In the latter case, each of the above devices is implemented by, for example, a computer that executes a command of a program which is software for implementing each function. FIG. 9 illustrates an example of such a computer (hereinafter, referred to as a computer C). FIG. 9 is a block diagram illustrating a hardware configuration of a computer C functioning as each of the above devices.

The computer C includes at least one processor C1 and at least one memory C2. A model learning program P causing the computer C to operate as each of the above means is recorded in the memory C2. In the computer C, the processor C1 reads the program P from the memory C2 and executes the model learning program P to implement each function of each of the above means.

As the processor C1, for example, a central processing unit (CPU), a graphic processing unit (GPU), a digital signal processor (DSP), a micro processing unit (MPU), a floating point number processing unit (FPU), a physics processing unit (PPU), a tensor processing unit (TPU), a quantum processor, a microcontroller, or a combination thereof can be used.

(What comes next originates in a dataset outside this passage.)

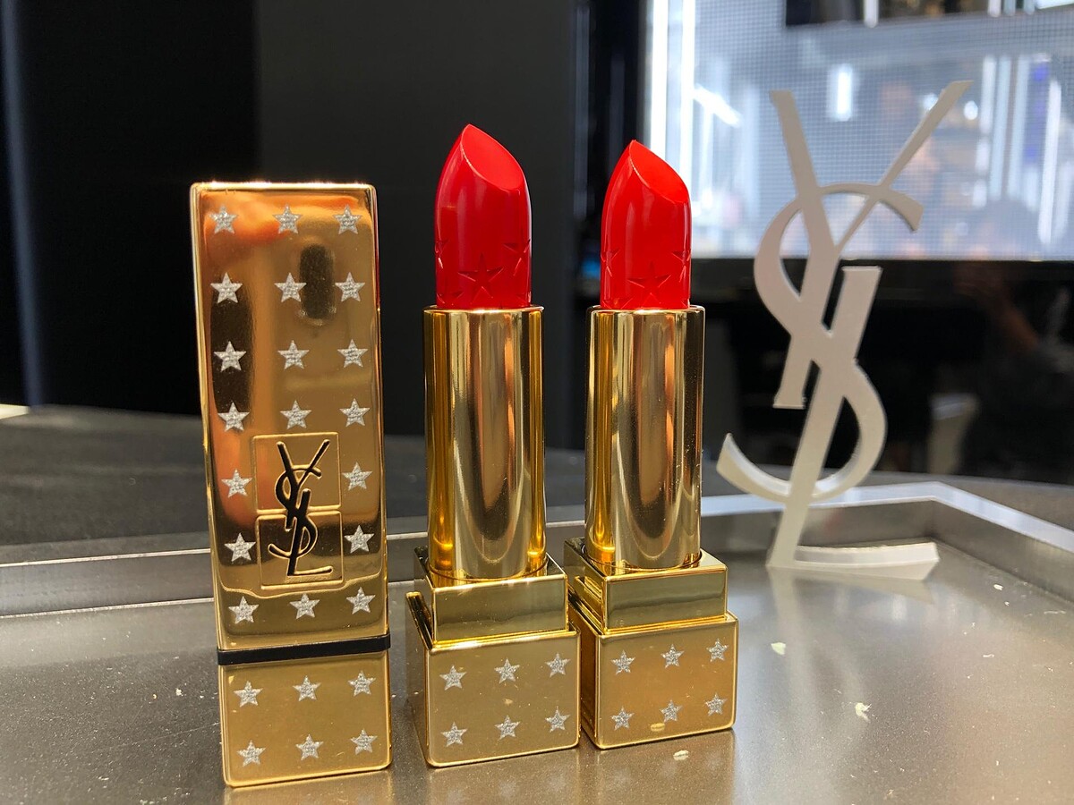 YSL 針對熱賣商品推出週年慶限定外盒包裝,以「繁星降落、浪漫星願」的概念,將「奢華緞面唇膏#01、#13」外管和膏體上點綴了一顆顆閃閃發光的星星,並限定櫃點限量販售。

As the memory C2, for example, a flash memory, a hard disk drive (HDD), a solid state drive (SSD), or a combination thereof can be used.

The computer C may further include a random access memory (RAM) for loading the model learning program P at the time of execution and temporarily storing various types of data. The computer C may further include a communication interface for transmitting and receiving data to and from other devices. The computer C may further include an input/output interface for connecting input/output devices such as a keyboard, a mouse, a display, and a printer.

The model learning program P can be recorded in a non-transitory tangible recording medium M readable by the computer C. As such a recording medium M, for example, a tape, a disk, a card, a semiconductor memory, a programmable logic circuit, or the like can be used. The computer C can acquire the model learning program P via such a recording medium M. The model learning program P can be transmitted via a transmission medium. As such a transmission medium, for example, a communication network, a broadcast wave, or the like can be used. The computer C can also acquire the model learning program P via such a transmission medium.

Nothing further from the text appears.